With all that said, I do jump paywalls—and I feel perfectly morally fine about doing so because nobody could reasonably expect me to shell out for an annual subscription to a newspaper in Minneapolis in order to read a single story. (If the paper asked for some pocket change via Apple Pay in order to read a single story, I’d happily pay that, but micropayments are for whatever reason a nut that the internet hasn’t managed to crack over the span of 30 years.) Financially speaking, I simply can’t afford to subscribe to every publication that I read in the span of year. You have to pick the outlets that you read and care about the most, and that’s where you have to put your subscription dollars to work.

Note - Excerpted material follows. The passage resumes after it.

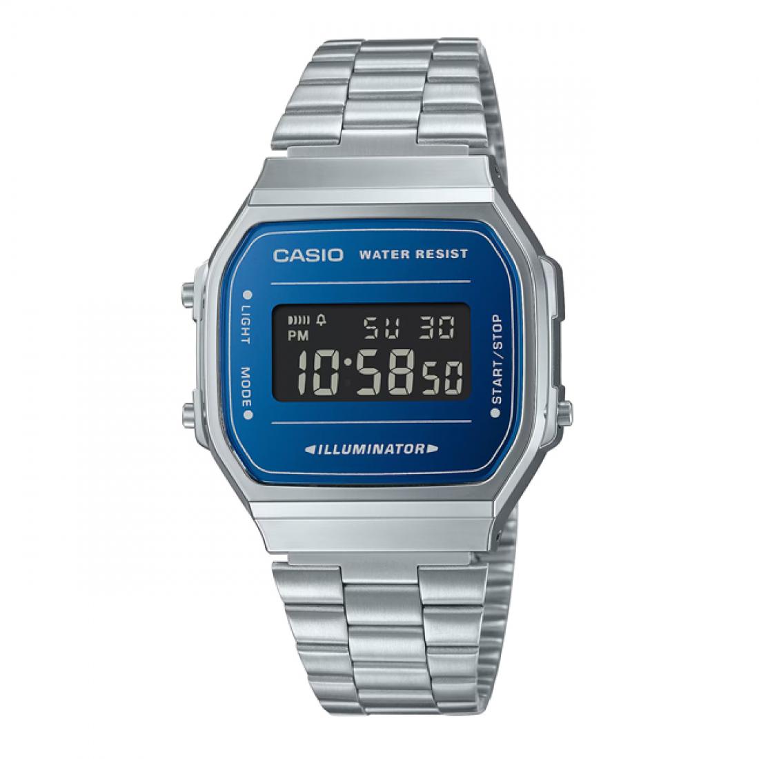 Tamni plavi tonovi kućišta i čelične narukvice čine ovaj digitalni sat upečatljivim i modernim, uz prepoznatljiv retro štih. Digitalni zaslon omogućava brzo i pregledno očitavanje vremena, datuma i dodatnih funkcija poput štoperice i alarma. Lagana čelična narukvica pruža udobno pristajanje, a pouzdani kvarcni mehanizam jamči preciznost. Vodootpornost i izdržljiv dizajn čine sat praktičnim za svakodnevno nošenje, dok retro-stil dodaje karakter i nostalgičan šarm.

But it’s a basic human kindness to not respond to a writer with someone else’s story and launch into a high-minded conversation about whether paywalls are legit or not. Many of us jump paywalls out of necessity. But because paywalls pay the bills for thousands of writers, we should at the very least shut up when talking to the writers whose labor is funded by the paywall.
And I know someone might try to extrapolate my “jumping a paywall is okay now and then as long as you don’t brag about it to the writer” stance into an admission that it’s okay to pirate my comics. But that analogy doesn’t track, because you can right now take my comics out for free from your local library, or you can request copies via interlibrary loan. (And in fact, I frequently use my Seattle Public Library card to gain online access to newspapers and magazines that I don’t subscribe to, which I consider to be just as morally sound as taking a book out from the library.)
I love to hear from people who take my books out from the library. Hell, I encourage you to borrow my comics from the library. But if you tell me that you pirated one of my comics, all I hear is that you stole money from my friends—the artist who spent months crouched over their drawing boards, the publishers and editors who care enough about comics to devote their whole lives to bringing them into the world.
In short, what I’m saying is that writers (and editors, and publishers, and everyone else involved in writing and publishing words) are people, too, and you should always try to treat people at least as well as the way you’d want to be treated if the roles were reversed. If you don’t follow that rule, I’m not going to interact with you. Some (idiots) might call that cancel culture, but really it’s just the basic requirement for being a person who lives in a society.
Hope this finds you well, and maybe I’ll see you out in the world this month?